Selection criteria for the secondary analysis were 1) premature infants (GA of 37 weeks or lower), 2) having at least one set of scored videotape data, and 3) having complete demographic data at the entry and exit of the original study. Ninety-seven of the 106 preterm infants from the original study met the criteria. Two hundred eighty-five video recordings from these 97 infants were analyzed and video recording was the unit of analysis for portions of this report. The sample demographics for the secondary analysis are described in Table 2. The infants entered the original study at postnatal age of 2 to 38 days and postmenstrual age of 27 to 38 weeks, and were videotaped at 31 to 39 weeks postmenstrual age. Birthweights ranged from 890 to 3630 grams. Fifty-one (52.6%) infants were females. All available videotapes were analyzed with a median of two tapes per subject.
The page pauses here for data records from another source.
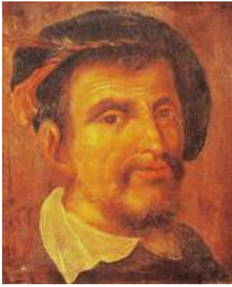
Retrato de Hernando Colón. Anónimo sevillano (s. XVII). Institución Colombina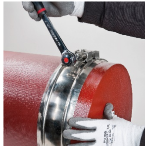
Die Schraube festziehen.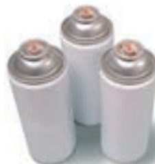
Bombolette aerosol/spray senza simboli di pericolo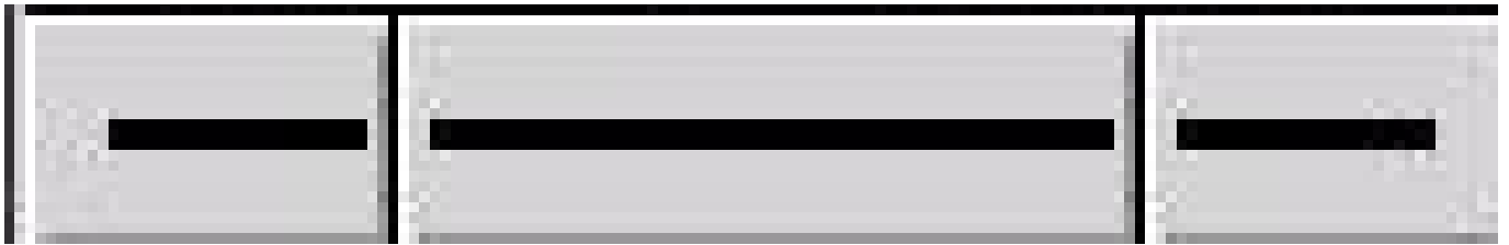
Figure 4.3: Marraren propietateak

Marrak erraz edita daitezke geziak eta horrelako elementuak sortzeko. Tresna-koadroaren behealdean 3 botoi daude marrekin. Klik egin eta sakatuta edukita, menu bat azalduko da aldaketaren emaitza ikusteko.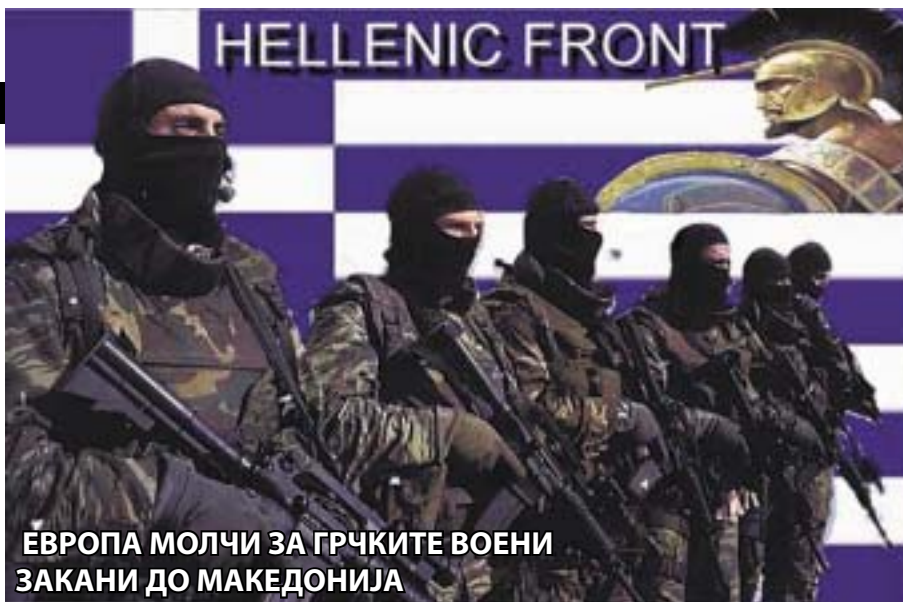
ЕВРОПА МОЛЧИ ЗА ГРЧКИТЕ ВОЕНИ ЗАКНИ ДО МАКЕДОНИЈА

само што го толерира, туку и го поддржува. Со тоа нам ни дава до знаење дека Европската унија претставува само збир на земји, кои меѓу себе се поддржуваат и им наметнуваат критериуми, услови и задачи на другите. За нив не важи ниту меѓународното право, ниту почитувањето на човековите права и слободи, ниту правилата кои им се даваат на другите, иако устите постојано им се полни со тие зборови. Тие се привилегирани и сè можат да прават само затоа што се земји-членки на Унијата. Е, на таков начин нема никогаш да се постигне европското единство. На таква Европа не ѝ предвидувам долго-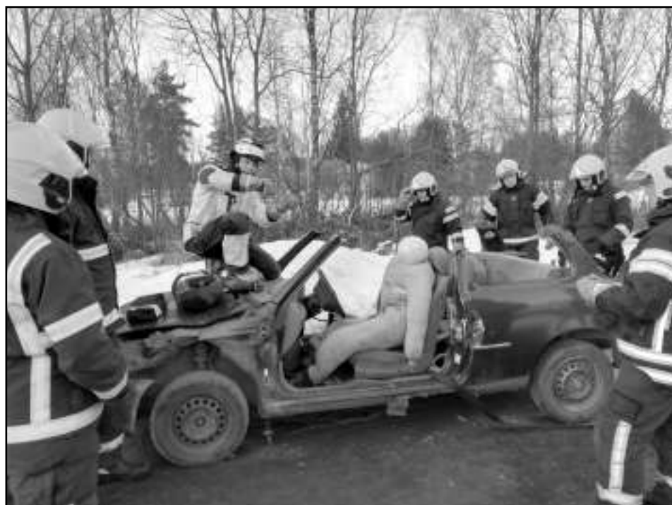
Lopputulokset: potilas saatiin onnistuneesti pelastettua! Auto tuki kärsi hieman käsittelyssä..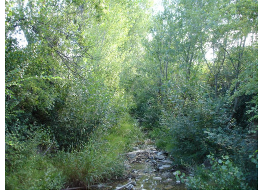
Ripisylve et lit mineur colonisé par des hélophytes à l'aval de la voie SCNF.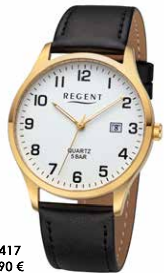
F-1417 59,90 €

Edelstahl + Edelstahl IPG, 5 Bar, Ø 39 mm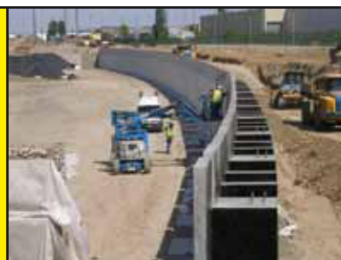
Panneaux à contreforts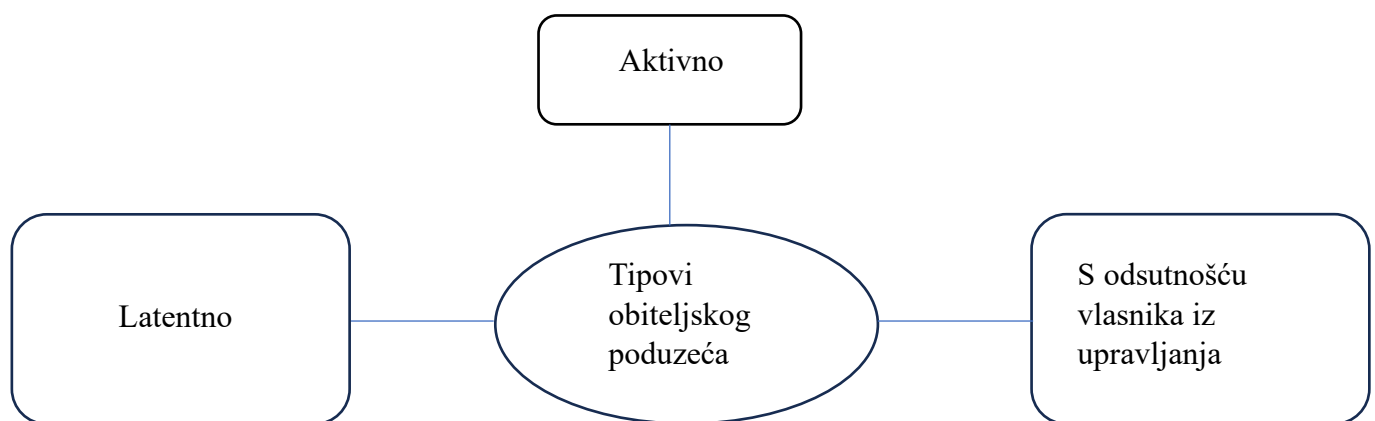
Grafikon 1: Tipovi obiteljskog poduzeća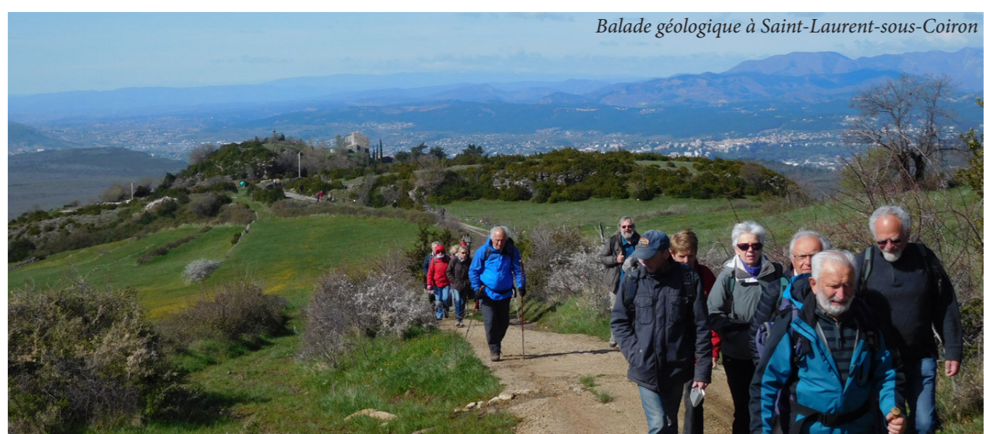
Balade géologique à Saint-Laurent-sous-Coiron

Elle possède un centre de documentation et met à la disposition des adhérents des cartes géologiques, des publications d'associations géologiques régionales, des revues scientifiques et des milliers d'ouvrages de géologie.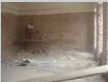
Naš prozor u svijet 2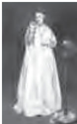
Manet, «Une jeune dame en 1866»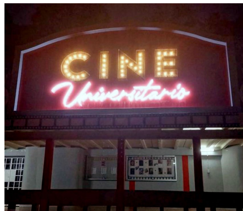
Instalaciones del Cine Universitario.

La sala, uno de los departamentos que conforman el Grupo Experimental de Cine Universitario (Gecu), de la Vicerrectoría de Extensión, ha sido faro cultural y cinematográfico casi permanente desde sus inicios, guiando y estimulando el acercamiento y el gusto por el [RK1] buen cine de generaciones de espectadores, a través de muestras, ciclos, retrospectivas y actividades complementarias y formativas relacionadas con el quehacer fílmico nacional e internacional.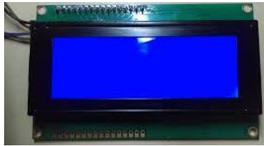
Gambar 4. LCD I2C

LCD I2C adalah garis dengan fungsi menampilkan hasil pemantauan waktu nyata. LCD (Liquid Crystal Display) adalah salah satu alat untuk menampilkan komponen elektronik dengan menggunakan kristal cair [8]. LCD ( Liquid Crystal Display ) digunakan untuk menampilkan informasi elektronik seperti teks (huruf), angka atau simbol [9].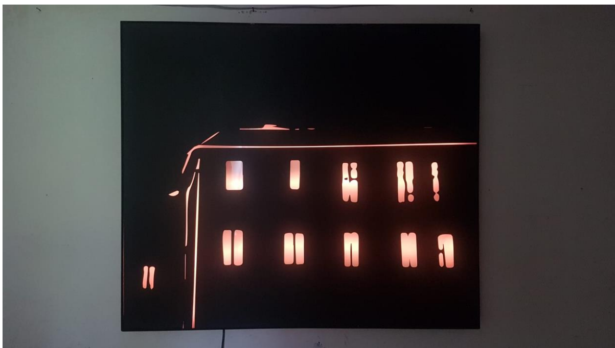
Light in the Night, 2023., svjetlosna instalacija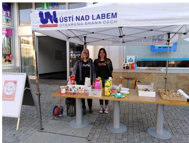
S Obr. příloha B3: Kampaň Do práce na kole – Snídaně na triko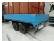
GOEBEL & SOHN TA 8 GOEBEL & SOHN TA8

Preis (brutto): 3.451,00 € Gesetzl. MwSt. 19%: 551,00 €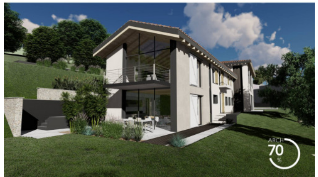
RENDERING DI PROGETTO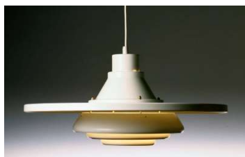
Fig. a.107. A337. "flying saucer". 1957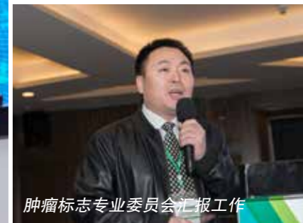
肿瘤标志专业委员会汇报工作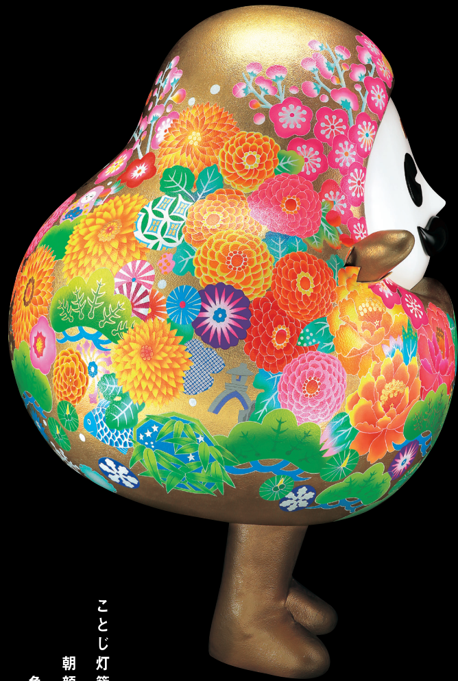
朝顔 魚 ことじ灯籠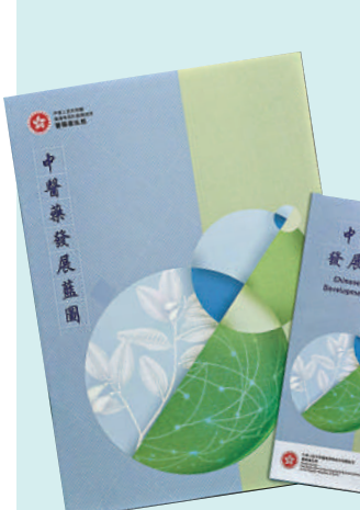
▲特區政府昨日公布首份《中醫藥發展藍圖》。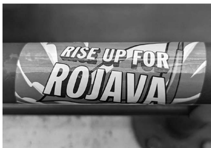
Abb. 5: UHG, Haupthalle, Galerie D1.

Platz im Studienalltag findet. Explizit verstanden als Leseweche , soll sie Freiheiten ermöglichen, Interessen jenseits der planmäßigen Studieninhalte zu verfolgen. Außerdem können nicht nur Lehrende, sondern auch Studierende Vorschläge für Veranstaltungen machen, die dann in dieser Woche stattfinden können.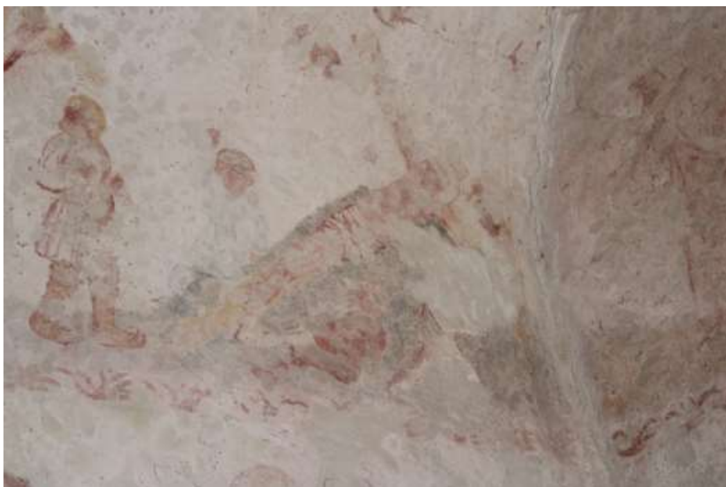
Obrázek 66. Přibíjení na kříž. Severní stěna presbytáře.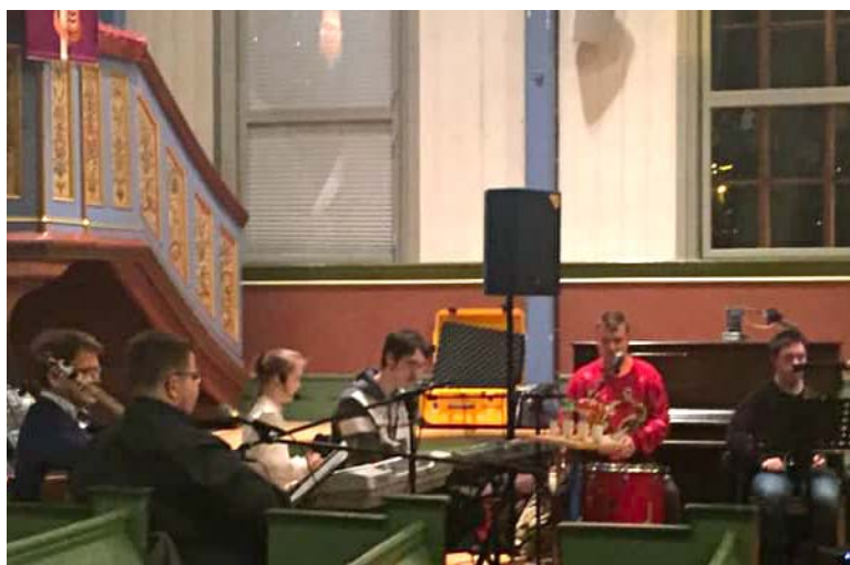
FJØRESTEINANE: Bildet viser litt av den supre gjengen i "Fjøresteinane" Dei har gleda oss med konsert før jul dei to siste åra.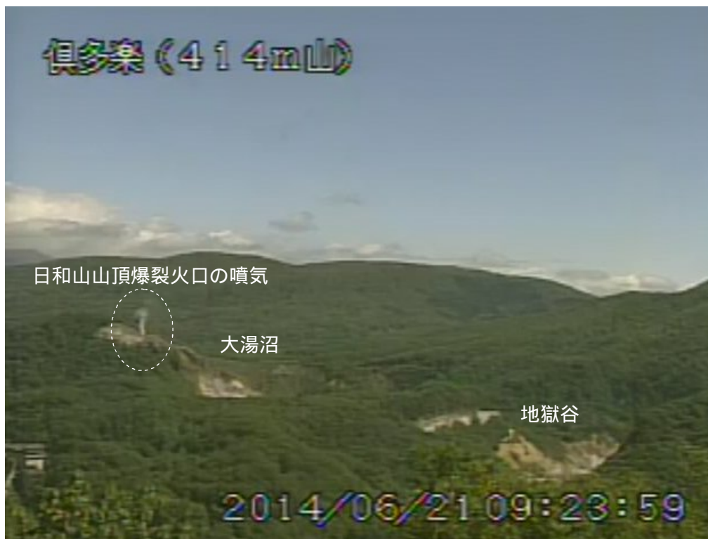
図2 倶多楽 南南西側から見た日和山、大湯沼及び地獄谷周辺の状況（6月21日、414m山遠望カメラによる）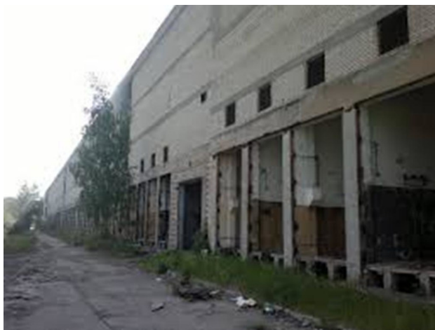
Остатки технологического здания РЛС типа Дуна 3М

Scheduling conflicts, early unanticipated discharge, care disrruptions, and poor tape quality prevented use of some recordings.

Table 2.

Sample Demographics (n = 97 infants; n = 285 video recordings)

Variable n M SD Range
GA (weeks) 97 32.72 2.28 27.0-37.4
PNA at entry (days) 97 6.16 6.71 2-38
PMA at entry (weeks) 97 33.60 1.95 27.9-38.6
PNA at discharge (days) 97 23.79 15.89 6-73
PMA at discharge (weeks) 97 35.90 1.38 33.29-39.43
PNA at observation (days) 285 20.14 14.37 3-67
PMA at observation (weeks) 285 35.30 1.33 31.43-39.29
Birthweight (grams) 97 1958.62 549.38 890-3630
Gender: female 51 (52.6%)
Race: Caucasian 72 (74.2%)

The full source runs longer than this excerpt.